Can you share what output you expect to get on a small Tensor here?

SwagJ · May 26, 2020, 11:18am

Sure, just for small tensor purpose, I make dim[1] of A be 9 instead of 32. New code will be as below.
The is an error on previous code. I have corrected it.

A = torch.rand(6,9)
# A: tensor([[0.4918, 0.9813, 0.6889, 0.3126, 0.3797, 0.5551, 0.8716, 0.2215, 0.5576],
#        [0.7467, 0.4867, 0.6318, 0.4681, 0.1874, 0.9327, 0.6479, 0.0885, 0.9818],
#        [0.0431, 0.3718, 0.4447, 0.6178, 0.8779, 0.5084, 0.4198, 0.7450, 0.3994],
#        [0.5677, 0.7410, 0.2781, 0.9504, 0.1205, 0.6734, 0.2124, 0.4071, 0.7975],
#        [0.0432, 0.1230, 0.7874, 0.3125, 0.2123, 0.8771, 0.1967, 0.6190, 0.6263],
#        [0.0129, 0.1492, 0.0374, 0.2873, 0.4654, 0.2602, 0.7498, 0.4395, 0.7209]])
B = torch.tensor([[1, 2, 3], [0, 3, 4], [4, 5, 2], [1, 4, 5]])

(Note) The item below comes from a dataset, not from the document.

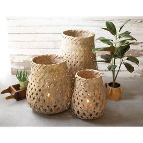 Conjunto de lanternas de vela MY SWANKY HOME Tropical Natural Woven Bamboo Pillar Three Glass Hurricane — inclui três lanternas, uma de cada tamanho mostrado. O tamanho grande mede 14" d x 20,5” t.

#expected output with output = A[B,:]
output = A[B,:]
#output = tensor([[[0.7467, 0.4867, 0.6318, 0.4681, 0.1874, 0.9327, 0.6479, 0.0885,
      #    0.9818],
      #   [0.0431, 0.3718, 0.4447, 0.6178, 0.8779, 0.5084, 0.4198, 0.7450,
     #     0.3994],
     #    [0.5677, 0.7410, 0.2781, 0.9504, 0.1205, 0.6734, 0.2124, 0.4071,
     #     0.7975]],

   #     [[0.4918, 0.9813, 0.6889, 0.3126, 0.3797, 0.5551, 0.8716, 0.2215,
   #       0.5576],
   #      [0.5677, 0.7410, 0.2781, 0.9504, 0.1205, 0.6734, 0.2124, 0.4071,
   #       0.7975],
   #      [0.0432, 0.1230, 0.7874, 0.3125, 0.2123, 0.8771, 0.1967, 0.6190,
   #       0.6263]],

   #     [[0.0432, 0.1230, 0.7874, 0.3125, 0.2123, 0.8771, 0.1967, 0.6190,
   #       0.6263],
  #       [0.0129, 0.1492, 0.0374, 0.2873, 0.4654, 0.2602, 0.7498, 0.4395,
  #        0.7209],
  #       [0.0431, 0.3718, 0.4447, 0.6178, 0.8779, 0.5084, 0.4198, 0.7450,
  #        0.3994]],
#
  #      [[0.7467, 0.4867, 0.6318, 0.4681, 0.1874, 0.9327, 0.6479, 0.0885,
  #        0.9818],
  #       [0.0432, 0.1230, 0.7874, 0.3125, 0.2123, 0.8771, 0.1967, 0.6190,
 #         0.6263],
 #        [0.0129, 0.1492, 0.0374, 0.2873, 0.4654, 0.2602, 0.7498, 0.4395,
#          0.7209]]])

This result is the same as tf.gather(A,B,axis=1) theoretically. However, is the memory consumption of the these two the same?

albanD · May 26, 2020, 1:24pm

There are no extra concatenation here and it just reads the values and write to the result when you do indexing like that. So I would guess yes, they will use the same amount of memory.

SwagJ · May 26, 2020, 1:27pm

Just a follow up question. If the B matrix is a tuple of index array. A[B,:] won’t work right? i.e. B=([1,3,4,5],[2,3],[1,3,7])

albanD · May 26, 2020, 1:33pm

I am not a specialist of this, but it should follow the advanced indexing semantic from numpy described here.